Records for the task START

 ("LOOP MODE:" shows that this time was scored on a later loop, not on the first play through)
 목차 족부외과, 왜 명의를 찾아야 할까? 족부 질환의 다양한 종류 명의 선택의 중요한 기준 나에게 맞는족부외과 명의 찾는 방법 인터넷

Records for the task END
Records for the task START

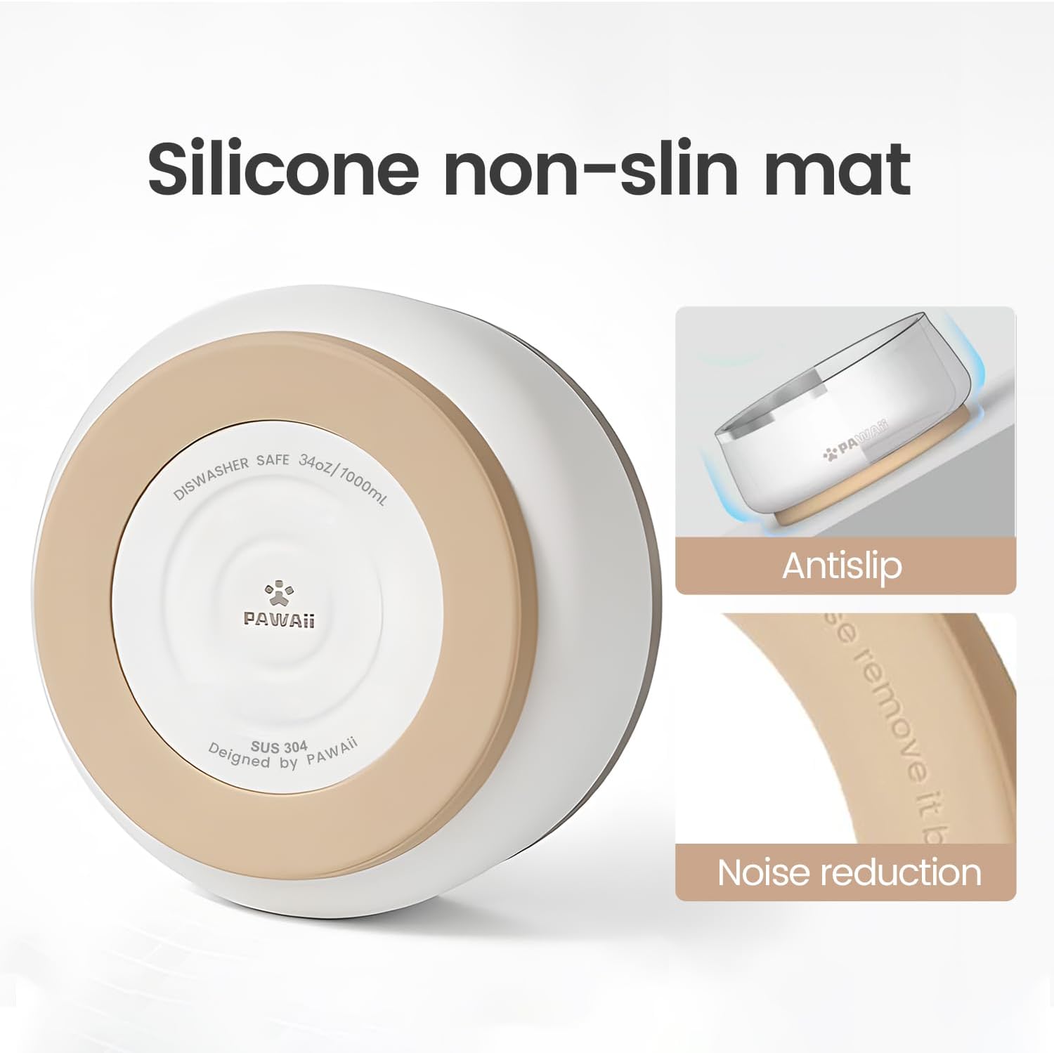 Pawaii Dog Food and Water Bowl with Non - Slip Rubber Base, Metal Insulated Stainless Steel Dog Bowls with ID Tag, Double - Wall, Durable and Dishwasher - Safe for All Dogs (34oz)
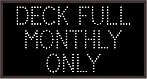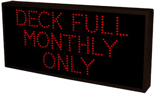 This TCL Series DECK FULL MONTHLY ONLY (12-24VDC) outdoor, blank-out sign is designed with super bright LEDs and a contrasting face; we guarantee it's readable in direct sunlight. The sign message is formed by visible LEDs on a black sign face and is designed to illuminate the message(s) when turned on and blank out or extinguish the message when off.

Records for the task END

• [What the exercise asks] Where the listing above reaches the line that contains "first play through)", start retyping, and finish with the line that contains "목차 족부외과, 왜 명의를"; reproduce those lines exactly and no others.

• [Solution]
 ("LOOP MODE:" shows that this time was scored on a later loop, not on the first play through)
 목차 족부외과, 왜 명의를 찾아야 할까? 족부 질환의 다양한 종류 명의 선택의 중요한 기준 나에게 맞는족부외과 명의 찾는 방법 인터넷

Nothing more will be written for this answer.